O Hormônio de crescimento também é considerado um regulador endócrino da 
produção de progesterona no CL, uma vez que as grandes células luteais são portadoras de 
receptores para GH, que estimulam uma elevada produção de progesterona (SCHAMS e 
BERISHA, 2004; BERISHA e SCHAMS, 2005). Segundo Niswender (2002) o GH ao se ligar 
a seu receptor estimula as proteínas quinases que aumentam aexpressão gênica das proteínas 
de transporte do colesterol para o interior da membrana mitocondrial e da enzima citocromo 
P450scc, sugerindo que a capacidade de síntese de progesterona mais elevada nas grandes 
células luteínicas pode estar associada a um aumento na eficiência de proteínas 
transportadoras de colesterol, proporcionando uma maior ação das enzimas esteroidogênicas. 
A presença de junções celulares do tipo GAP permite a comunicação entre as 
pequenas e grandes células luteínicas, proporcionando a transferência direta de moléculas 
mensageiras entre as células vizinhas que acabam estimulando a esteroidogênese nas grandes 
células luteais (PATE, 1994). O mecanismo pelo qual as grandes células luteais secretam 
progesterona ainda não se encontra completamente estabelecido e demonstra algumas 
controvérsias na literatura (PUGLIESI, 2012). 

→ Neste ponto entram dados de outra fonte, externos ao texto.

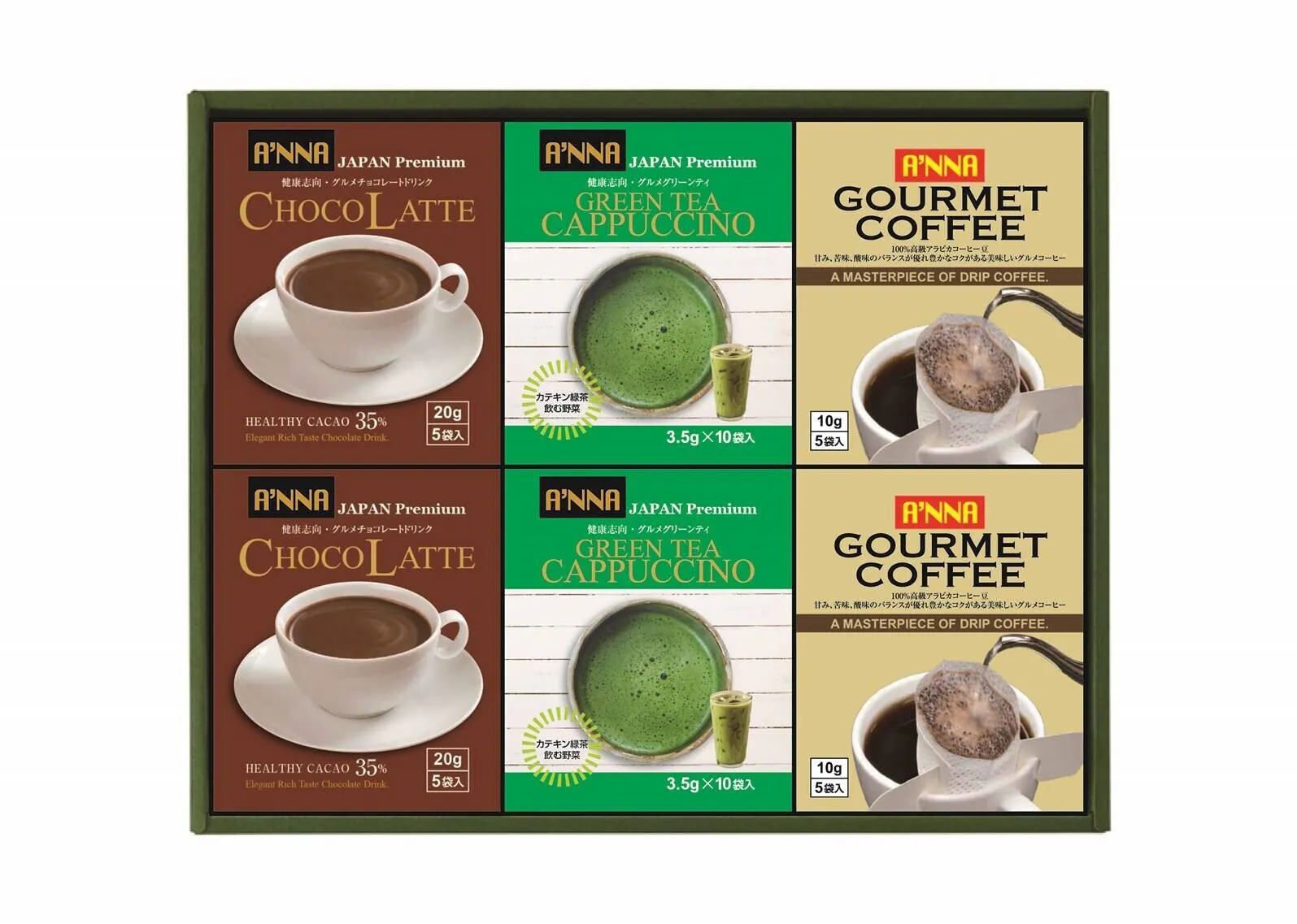 現在、ギフト品として販売しておりますホットチョコレートとティカプチーノとの詰め合わせの一例でございます。 1,000円から5,000円までの詰め合わせギフトとして、ギフトショップを通じて販売しております。 ギフト商品としては、他にないものでご好評をいただいております。 販売いただけるギフトショップを拡大すべく健闘中です。
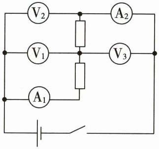 5. 如图所示,电压表 $ V_1 $、$ V_2 $、$ V_3 $ 的示数分别为 $ U_1 $、$ U_2 $、$ U_3 $,电流表 $ A_1 $、$ A_2 $ 的示数分别为 $ I_1 $、$ I_2 $,那么下列关系式正确的是(
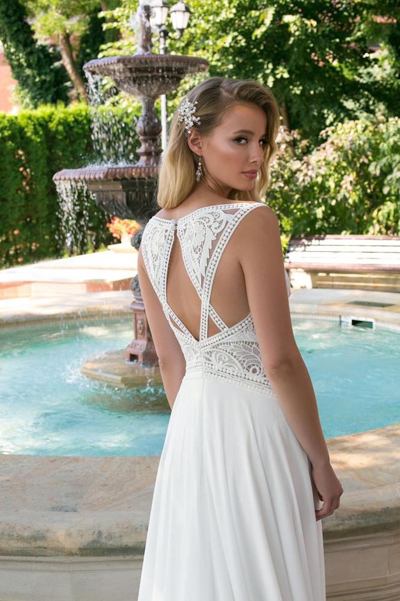 Ein wunderschönes Curvy-Brautkleid mit Trägern im Boho-Stil mit mehreren Cut-Outs im Rücken. Es hat ein transparentes mit Makrameespitze besetztes Oberteil mit einem ausdrucksstarken Blumenmuster. Der Ausschnitt ist mit Spitzenbesatz verziert und der Chiffonrock hat eine Schleppe.
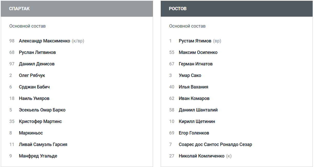 "Спартак" - "Ростов": стартовые составы на финал Пути регионов Кубка России 15 мая 2025 19:15 "Спартак" и "Ростов" объявили составы на финальный матч Пути регионов Кубка России. Фото: РФС Матч начнется в 20:00 на стадионе "Лукойл Арена". Встречу обслужит судейская бригада Кирилла Левникова. Победитель матча сыграет в Суперфинале Кубка России с московским ЦСКА 1 июня. Подписывайтесь на новости футбола от Rusfootball.info в Telegram, Яндекс.Новостях и Гугл.Новостях. Все главные и интересные новости тут Гугл.Новости Яндекс.Новости Телеграм Спартак Ростов
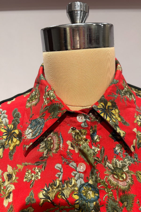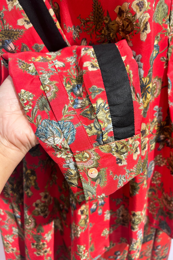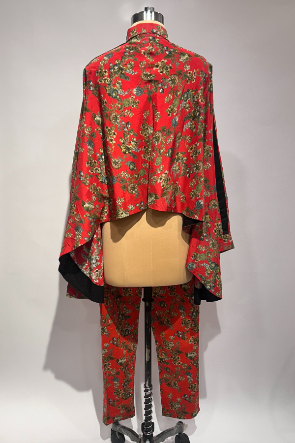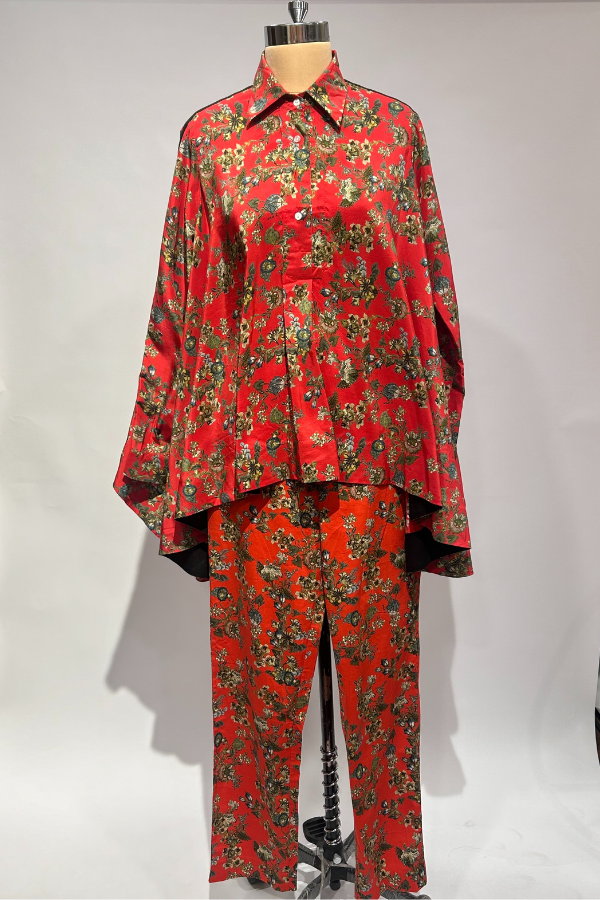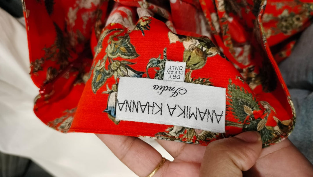 Description: A vibrant Anamika Khanna co-ord set featuring a bold red floral print on a flowy high-low shirt paired with straight-fit trousers. The set exudes contemporary elegance with a playful yet sophisticated silhouette, ideal for festive or statement daywear.
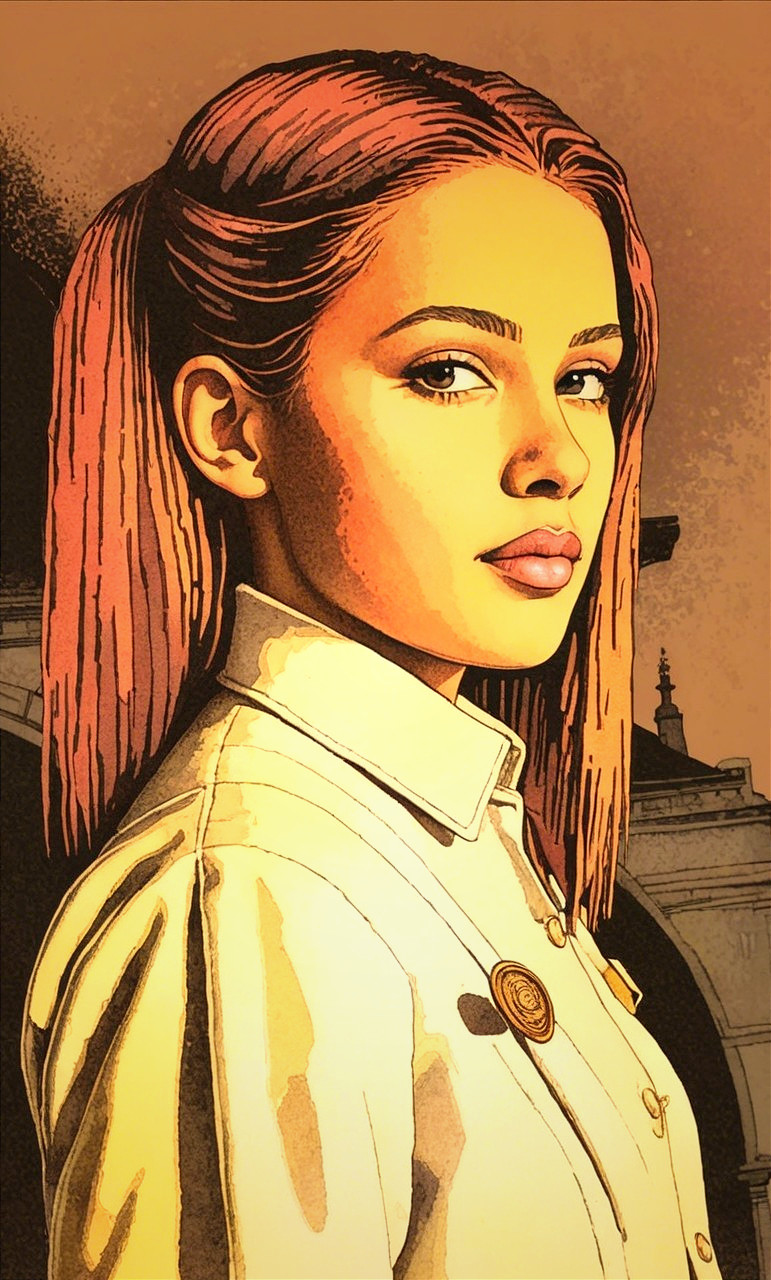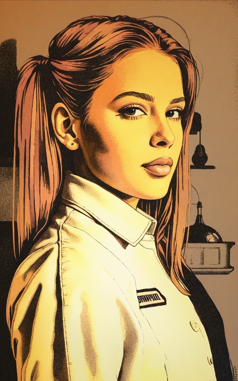 + Prompt:Headshot. foampunk 1.3, simpistic coloring: Hues by Overton Loyd, contouring outlines for sgraffitto reminiscence. Stencil-style.The stylized figure embodies casual confidence and a carefree attitude, set against a backdrop of sunlight casting dynamic shadows in a minimalistic setting with natural and rustic details in lineage. handsome, gorgerous, beautiful dynamic lighting is high-contrast, with bright highlights and raytraced shadows, capturing a joyful moment. The artwork is a mix of media, incorporating watercolor washes, airbrush techniques, tonalism, orphism, pencil and ink, and crayon art. The textures emulate thinned watercolor effects on aged paper and linen canvas weaves, enhancing the organic feel of the piece. Soft, natural daylight-like lighting illuminates the illustration, emphasizing the hand-painted quality and intricate artwork with a Scandinavian twist, showcasing a fusion of delicate pastel greens, warm ivories, and muted beige tones. The color palette, curated by Overton Loyd, blends harmoniously to create a serene atmosphere. The artwork features a figure exuding leisurely relaxed beauty, seated on a windowsill with one leg casually extended. Their voluminous, tousled hairstyle creates a flowing hair illusion, enhanced by subsurface scattering effects. The line-art cascades warm tones, offering a slightly simplistic yet alluring aesthetic. The style blends dynamic elements with minimalistic line art, featuring elongated linework, bold lineage, and black contouring outlines to create a visually striking composition.
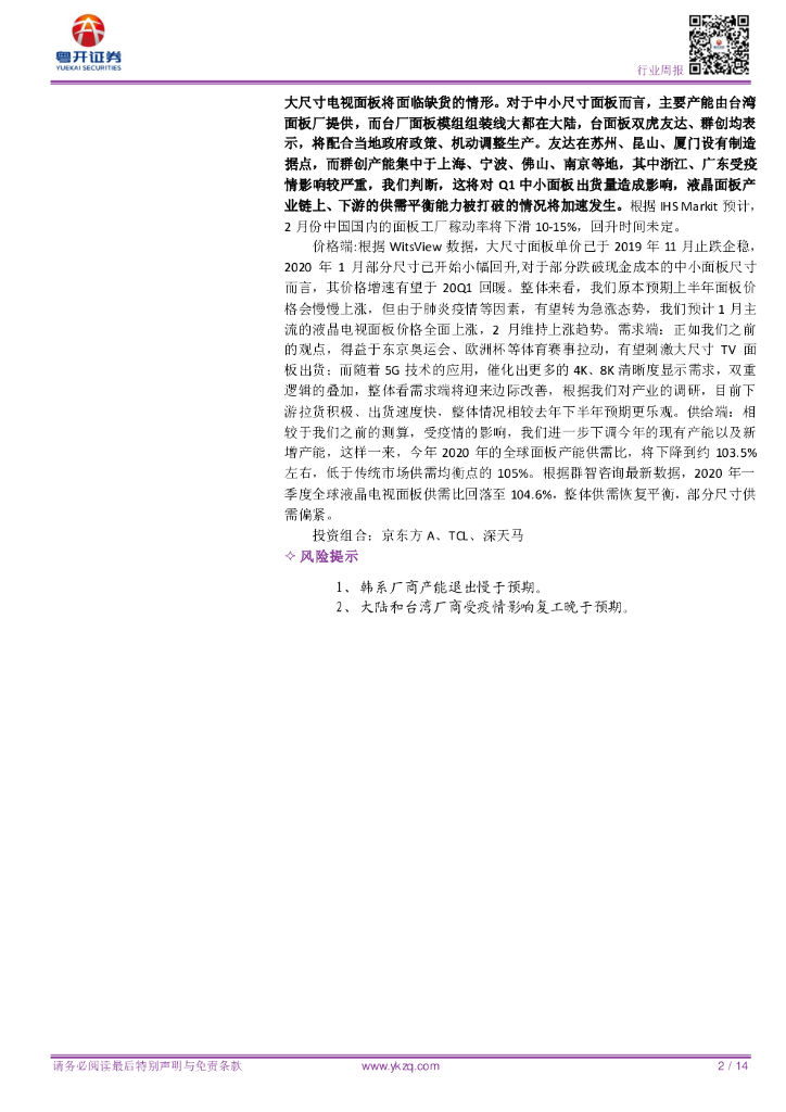 粤开证券:【粤开电子行业周报】武汉疫情对面板产业价格与供需影响.pdf
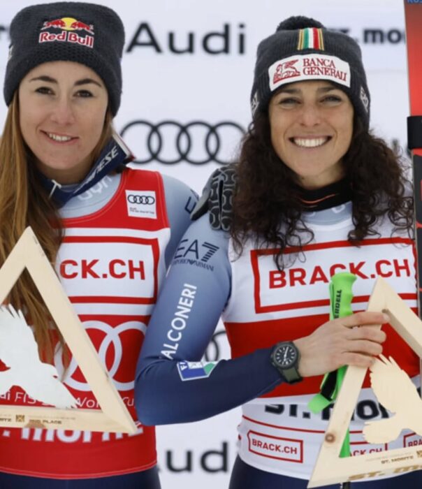 “Nello sci può succedere: un centesimo di secondo fa parte del gioco”, ghigna Brignone. Accanto a lei Sofia Goggia, che aggiunge senza alcun rammarico: “Mi si è dislocata la spalla su in cima, ma ho sciato comunque bene, ci sono abituata, va bene così. La sfida con Federica da parte mia sicuramente è uno spronarmi ad essere sempre sul pezzo in più discipline. Anch’io sto facendo delle grandi cose, contando la mia stagione e la preparazione, l’infortunio, è tanta roba, sono lì anch’io, quindi ottimo”.
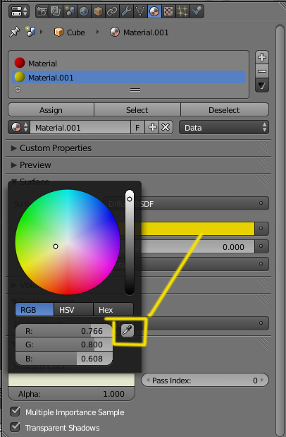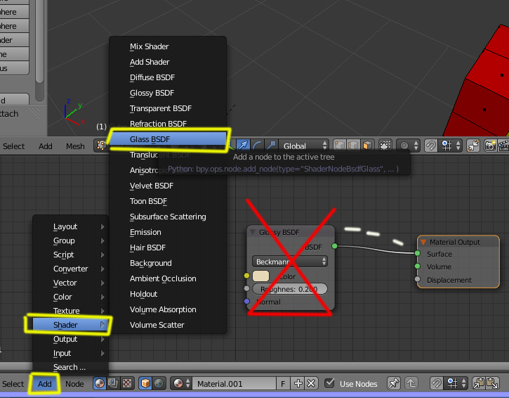 Y enlazas los dos pinchando sobre la bolita verde de un nodo al otro (de BSDF a Surface).
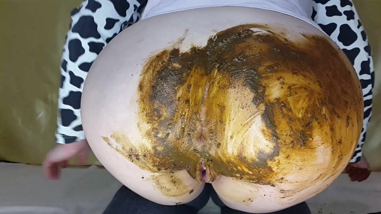 During the rest at home I decided to shit into my white panties. I piss in my panties and shit them,show you close. I take off my panties and fuck my ass with my black dildo and a lot of lubricant, small turds keep coming out. I turn around and then I fuck my pussy with a dirty toy. OMG it seems I have wet the battery compartment and now the vibration mode does not work! I take shit from the floor and from panties. I want to smear that all on the ass pussy belly and tits mmm...
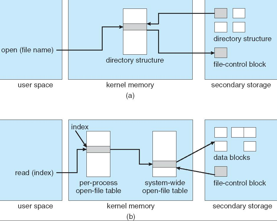 - 每个进程有自己的打开文件表,记录该进程打开的文件及其状态(如读写指针、访问模式等)。

O fluxo sanguíneo ovariano está altamente correlacionado com secreção de 
progesterona, uma vez que o sistema vascular serve como rota para entrega de substâncias 
nutritivas, substratos para produção de hormônios e hormônio estimuladores e reguladores 
(SCHAMS e BERISHA, 2004). Assim, uma complexa inter-relação entre os fatores 
angiogênicos FGF e VEGF e substâncias vasoativas é essencial para o desenvolvimento e 
manutenção da densa rede de capilares neoformados, além de contribuir de maneira parácrina 
e autócrina para a produção de progesterona. O VEGF parece estar mais relacionado à 
secreção de progesterona, enquanto o FGF induz à migração, diferenciação e proliferação 
celular, bem como à maturação e estabilização dos vasos sanguíneos (WEBB et al., 2002; 
MIYAMOTO et al., 2009). 
O CL maduro entra em um período estacionário de desenvolvimento que se inicia 
quando a massa luteal alcança seu diâmetro máximo, sendo caracterizada pela manutenção 
das dimensões luteais e pela elevada secreção de progesterona durante o diestro (VIANA et 
al., 2000; COUTINHO et al., 2007). 
Mann (2009) sugeriu que mesmo após o CL atingir seu diâmetro máximo, continua a 
ocorrer alterações nos níveis séricos de progesterona, indicando que a maturidade estrutural é 
alcançada anteriormente à maturidade endócrina. Deste modo, até o CL atingir a fase 
estacionária, existe uma relação positiva entre aumento do diâmetro do CL e os níveis séricos 
de progesterona, no entanto, a partir da maturidade, o tamanho não reflete a capacidade 
esteroidogênica desta estrutura, sendo influenciada por uma interação entre diversos fatores 
endócrinos, parácrinos e autócrinos (VASCONCELOS et al., 2001; ROBINSON et al., 2005; 
MANN et al., 2009). As características luteais podem variar ainda de acordo com o 
grupamento genético e o estágio fisiológico da fêmea (SARTORI et al., 2004; CARVALHO 
et al., 2008a; BASTOS et al., 2010) 
Trabalhos desenvolvidos por Ginther et al. (1989) e Sartori et al. (2004), mensurando 
características luteais em vacas Holandesas, verificaram um diâmetro máximo do CL de, 
respectivamente, 25 e 27,4mm, visualmente superior aos valores de 18,9mm relatados por 
Rhodes et al. (1995) para fêmeas zebuínas. 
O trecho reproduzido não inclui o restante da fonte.